Backends¶

Frontier Backend is where the crawling logic/policies lies. It’s responsible for receiving all the crawl info and selecting the next pages to be crawled. It’s called by the FrontierManager after Middleware, using hooks for Request and Response processing according to frontier data flow.

Unlike Middleware, that can have many different instances activated, only one Backend can be used per frontier.

Some backends require, depending on the logic implemented, a persistent storage to manage Request and Response objects info.

Activating a backend¶

To activate the frontier middleware component, set it through the BACKEND setting.

Here’s an example:

BACKEND = 'crawlfrontier.contrib.backends.memory.FIFO'

Keep in mind that some backends may need to be enabled through a particular setting. See each backend documentation for more info.

Writing your own backend¶

Writing your own frontier backend is easy. Each Backend component is a single Python class inherited from Component.

FrontierManager will communicate with active Backend through the methods described below.

Built-in backend reference¶

This page describes all each backend documentation components that come with Crawl Frontier. For information on how to use them and how to write your own middleware, see the backend usage guide..

To know the default activated Backend check the BACKEND setting.

Basic algorithms¶

Some of the built-in Backend objects implement basic algorithms as as FIFO/LIFO or DFS/BFS for page visit ordering.

Differences between them will be on storage engine used. For instance, memory.FIFO and sqlalchemy.FIFO will use the same logic but with different storage engines.

Memory backends¶

This set of Backend objects will use an heapq object as storage for basic algorithms.

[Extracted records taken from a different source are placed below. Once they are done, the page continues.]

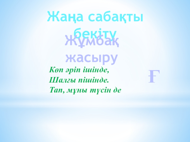 Жаңа сабақты бекітуКөп әріп ішінде,Шалғы пішінде.Тап, мұны түсін деЖұмбақ жасыруҒ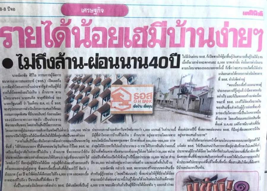 ตามที่มีข่าวในวันนี้ 18 กรกฎาคม 2561 ว่าธนาคารอาคารสงเคราะห์ (ธอส) มีแผนจะปล่อยกู้สำหรับผู้มีรายได้น้อยโดยให้ผ่อนชำระค่างวดเป็นเวลานานถึง 40 ปี ดร.โสภณให้ความเห็นว่านี่อาจเป็นนโยบายที่ไม่เหมาะสม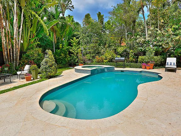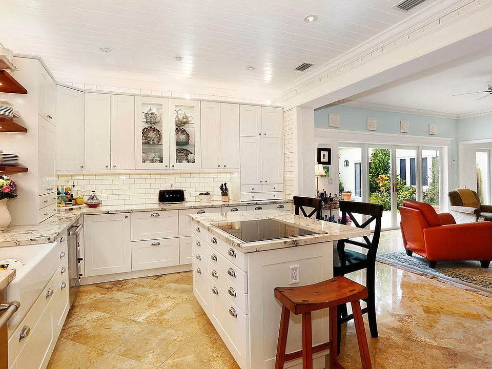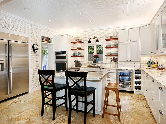Lovely home w/ classic architectural details, impeccably updated throughout. Located on a quiet, tree-lined S. Grove street, just a short bike ride to the village & bayfront parks. Light-filled living spaces include formal living/dining rooms, office & a spacious family room featuring walls of glass overlooking lushly landscaped grounds. Stunning, open kitchen w/wood cabinetry, marble countertops, Jenn-Air appliances & island w/seating. Notable features include marble flooring, custom built-ins/millwork and stone fireplace. Master suite has an expansive walk-in closet & luxurious bath w/ large rainshower. Guest suite ideal for multi-generational families, includes living room, kitchen & 2 BR/1BA. Spectacular, park-like garden with expansive terraces surround tranquil pool & spa.
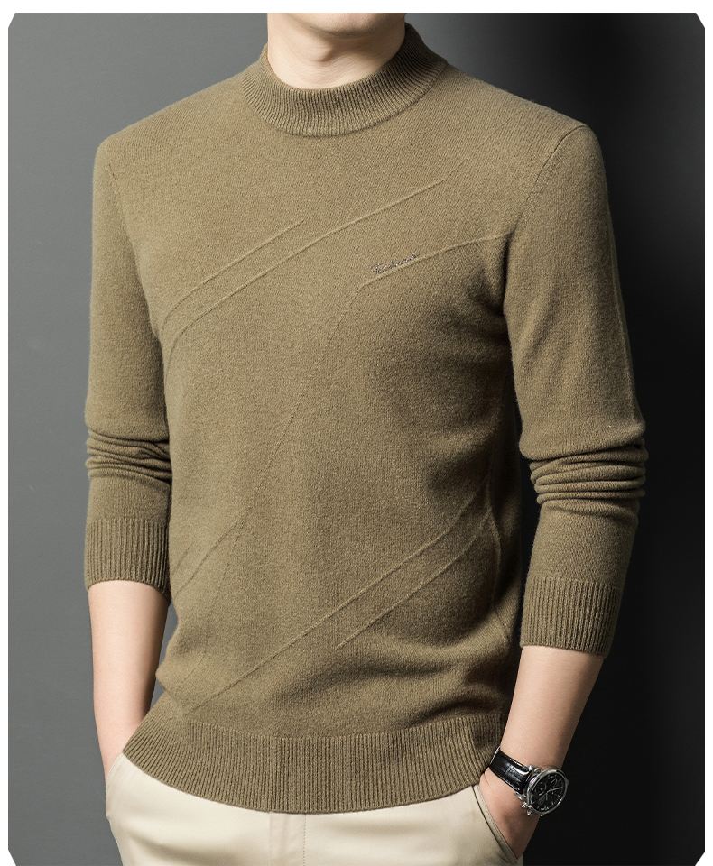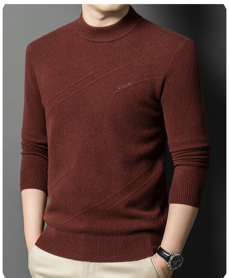 皮爾卡丹冬季男裝長袖純羊毛針織衫半高領線衣套頭加厚中年打底衫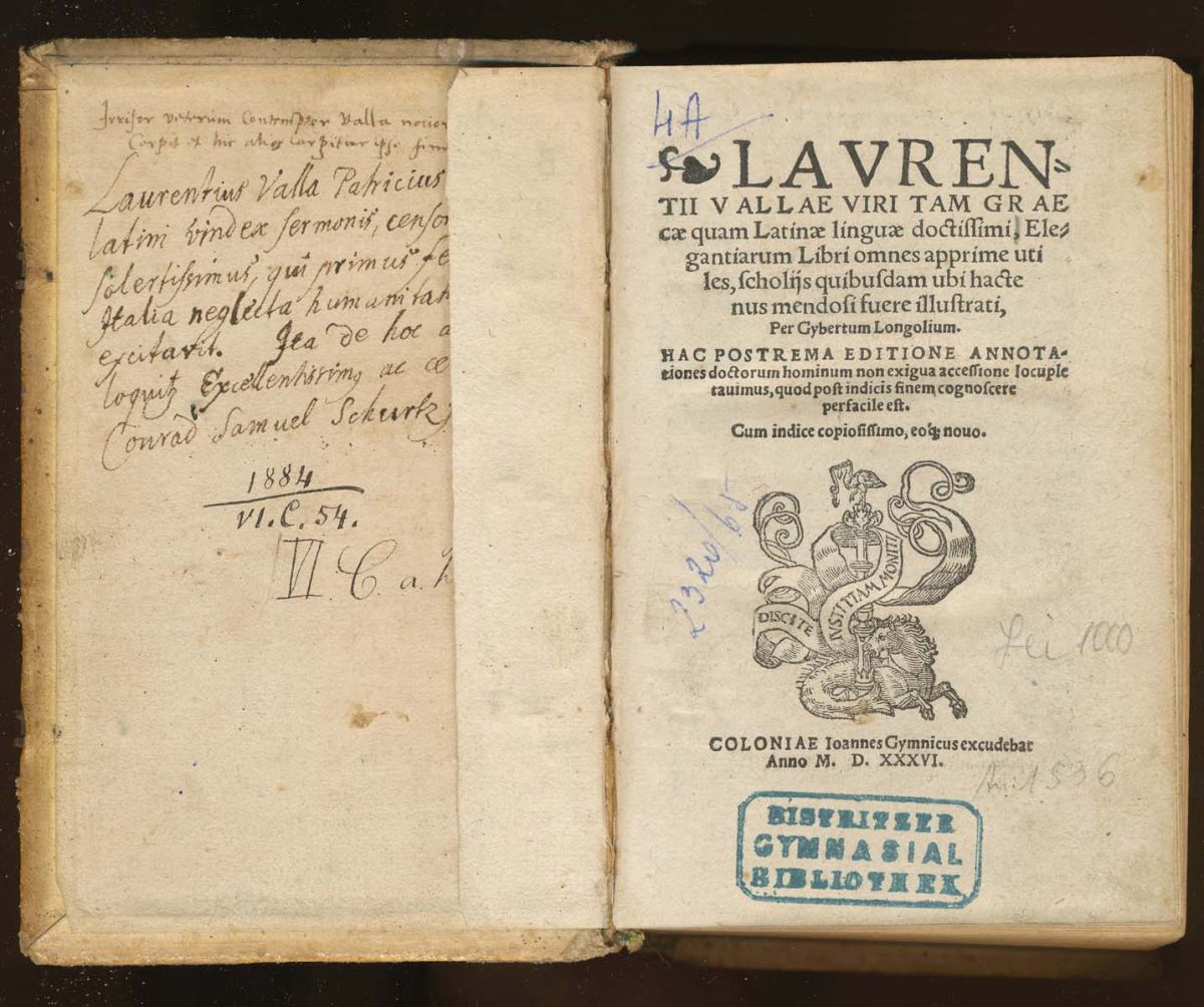 Titlu: Lavren= // tii Vallae viri tam grae // cae quam latinae linguae doctissimi, ele= // gantiarum libri omnes apprime uti // les [...]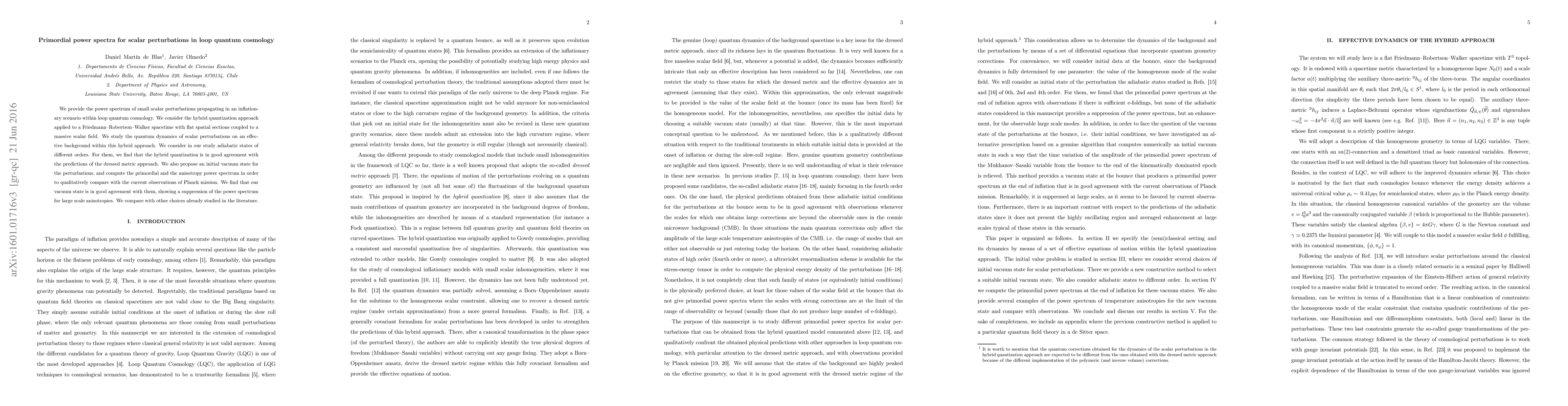 We provide the power spectrum of small scalar perturbations propagating in an inflationary scenario within loop quantum cosmology. We consider the hybrid quantization approach applied to a Friedmann--Robertson--Walker spacetime with flat spatial sections coupled to a massive scalar field. We study the quantum dynamics of scalar perturbations on an effective background within this hybrid approach. We consider in our study adiabatic states of different orders. For them, we find that the hybrid quantization is in good agreement with the predictions of the dressed metric approach. We also propose an initial vacuum state for the perturbations, and compute the primordial and the anisotropy power spectrum in order to qualitatively compare with the current observations of Planck mission. We find that our vacuum state is in good agreement with them, showing a suppression of the power spectrum for large scale anisotropies. We compare with other choices already studied in the literature.

class crawlfrontier.contrib.backends.memory.BASE¶: Base class for in-memory heapq Backend objects.

class crawlfrontier.contrib.backends.memory.FIFO¶: In-memory heapq Backend implementation of FIFO algorithm.

class crawlfrontier.contrib.backends.memory.LIFO¶: In-memory heapq Backend implementation of LIFO algorithm.

class crawlfrontier.contrib.backends.memory.BFS¶: In-memory heapq Backend implementation of BFS algorithm.

class crawlfrontier.contrib.backends.memory.DFS¶: In-memory heapq Backend implementation of DFS algorithm.

class crawlfrontier.contrib.backends.memory.RANDOM¶: In-memory heapq Backend implementation of a random selection algorithm.

SQLAlchemy backends¶

This set of Backend objects will use SQLAlchemy as storage for basic algorithms.

By default it uses an in-memory SQLite database as a storage engine, but any databases supported by SQLAlchemy can be used.

Request and Response are represented by a declarative sqlalchemy model:

class Page(Base):
    __tablename__ = 'pages'
    __table_args__ = (
        UniqueConstraint('url'),
    )
    class State:
        NOT_CRAWLED = 'NOT CRAWLED'
        QUEUED = 'QUEUED'
        CRAWLED = 'CRAWLED'
        ERROR = 'ERROR'

    url = Column(String(1000), nullable=False)
    fingerprint = Column(String(40), primary_key=True, nullable=False, index=True, unique=True)
    depth = Column(Integer, nullable=False)
    created_at = Column(TIMESTAMP, nullable=False)
    status_code = Column(String(20))
    state = Column(String(10))
    error = Column(String(20))

If you need to create your own models, you can do it by using the DEFAULT_MODELS setting:

DEFAULT_MODELS = {
    'Page': 'crawlfrontier.contrib.backends.sqlalchemy.models.Page',
}

This setting uses a dictionary where key represents the name of the model to define and value the model to use. If you want for instance to create a model to represent domains:

DEFAULT_MODELS = {
    'Page': 'crawlfrontier.contrib.backends.sqlalchemy.models.Page',
    'Domain': 'myproject.backends.sqlalchemy.models.Domain',
}

Models can be accessed from the Backend dictionary attribute models.

For a complete list of all settings used for sqlalchemy backends check the settings section.

class crawlfrontier.contrib.backends.sqlalchemy.BASE¶: Base class for SQLAlchemy Backend objects.

class crawlfrontier.contrib.backends.sqlalchemy.FIFO¶: SQLAlchemy Backend implementation of FIFO algorithm.

class crawlfrontier.contrib.backends.sqlalchemy.LIFO¶: SQLAlchemy Backend implementation of LIFO algorithm.

class crawlfrontier.contrib.backends.sqlalchemy.BFS¶: SQLAlchemy Backend implementation of BFS algorithm.

class crawlfrontier.contrib.backends.sqlalchemy.DFS¶: SQLAlchemy Backend implementation of DFS algorithm.

class crawlfrontier.contrib.backends.sqlalchemy.RANDOM¶: SQLAlchemy Backend implementation of a random selection algorithm.